[TASK GOAL] Pictures aside, reproduce exactly and only the lines below, starting at the one containing "Набор разделочных досок" and ending at the last line.

[Records excerpted from a collection]
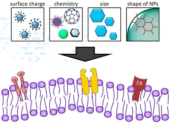 Studies have been attempting to establish a correlation between NP material-specific parameters and cell uptake, in addition to cell physiological response and survival. The surface charge, chemistry, size, and shape of NP affect their cellular uptake (Figure 3). The surface charge-induced cytotoxicity of NP was the result of Coulombic interactions []. The negatively charged plasma membranes attracted positively charged NPs, to cause membrane destruction and proton pump effects [,]. For example, positively charged AuNPs maximally depolarize cell membranes, while other charged NPs have negligible effects []. When looking at truly insoluble particles, the effects of their physical presence and adsorption properties need to be considered. The physical presence of particles within macrophages affects the function of macrophages and may affect macrophages’ moving due to excess particles. The effects on macrophage mobility begin when about 6% of the cell volume is occupied by particles []. Interestingly, when NPs are involved, dyskinesias occur at a lower percentage of occupancy []. One possibility is that a key factor involved in the disruption of intracellular actin function is the total surface area of intracellular particles []. Impaired cell motility and function can lead to changes in necrosis. The frustrating phagocytotic process observed in macrophages probably provides more examples of asbestos fibers than can be up-taken. Studies by Poland et al. indicated that when macrophages encounter long carbon nanotubes, impaired cell motility and function of phagocytosis occur [,]. Adsorption of NP components into the extracellular space may also occur [,].
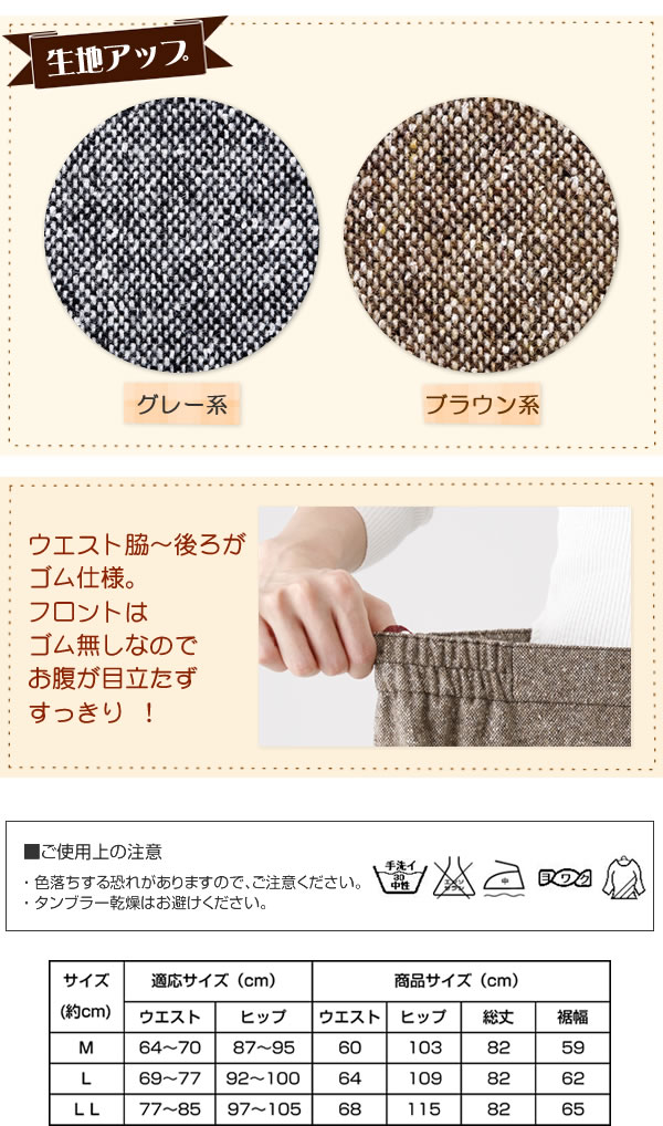 | <h1>あたたかいウールのツイード生地に、シルクを配合して高級感を演出。上品なのにウエストゴムで、楽にはけるのが嬉しいポイント♪自宅で手洗いもできます。</h1> |
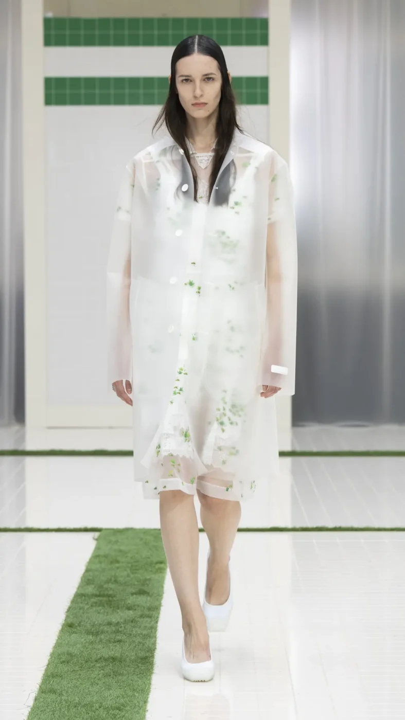 Pokaz odbył się w paryskim Lycée Carnot, w monumentalnej hali Hall Eiffel. Szklane tafle, prysznicowe zasłony i kafelki przywoływały atmosferę szatni René Lacoste’a. W tym „backstage’u sportu” granice między prywatnością a spektaklem całkowicie się rozmyły. To nie tylko scenografia – intymność i odwagi bycia nieperfekcyjnym.
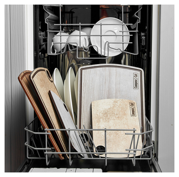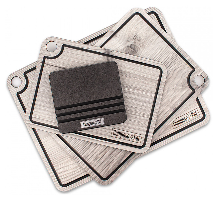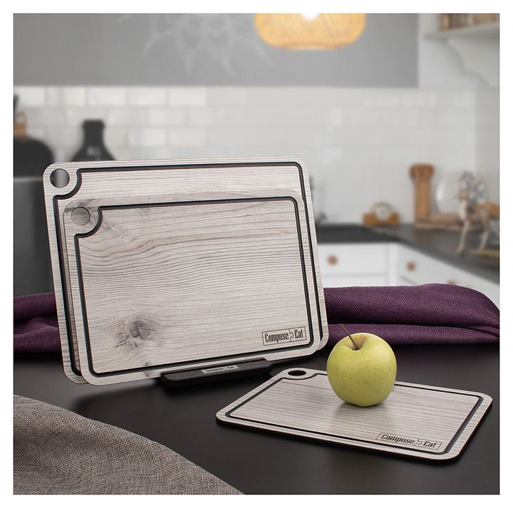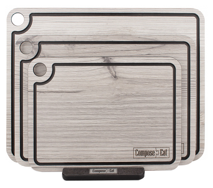 Набор разделочных досок ComposeEat Elegance NRD32058ОА4 состоит из 3-х досок различного размера и подставки, выполнен из бумажного композитного материала, сохраняющего целостность при падении, ударах и механической нагрузке, устойчивого к резким перепадам температур, не подверженному деформации, выцветанию, сколам, трещинам и механическим повреждениям. Изделия оснащены желобом для слива жидкости и отверстием для подвешивания. Особенности:
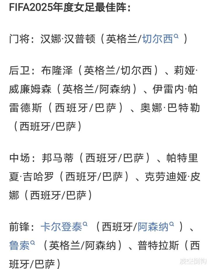 年度女足最佳阵容如下:由卡尔登泰领衔。
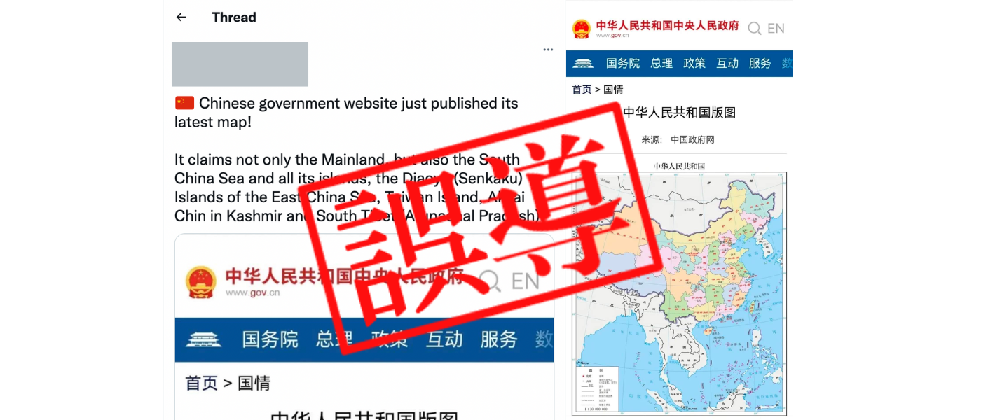 其中一個帖文附上的地圖左下角有「审图号: GS(2019)1818号」的標記,顯示它於2019年通過中國自然資源部審核,而在自然資源部的標準地圖服務系統上亦可找到同一張地圖。

[RESULT BELOW]
 Набор разделочных досок ComposeEat Elegance NRD32058ОА4 состоит из 3-х досок различного размера и подставки, выполнен из бумажного композитного материала, сохраняющего целостность при падении, ударах и механической нагрузке, устойчивого к резким перепадам температур, не подверженному деформации, выцветанию, сколам, трещинам и механическим повреждениям. Изделия оснащены желобом для слива жидкости и отверстием для подвешивания. Особенности:
 年度女足最佳阵容如下:由卡尔登泰领衔。
 其中一個帖文附上的地圖左下角有「审图号: GS(2019)1818号」的標記,顯示它於2019年通過中國自然資源部審核,而在自然資源部的標準地圖服務系統上亦可找到同一張地圖。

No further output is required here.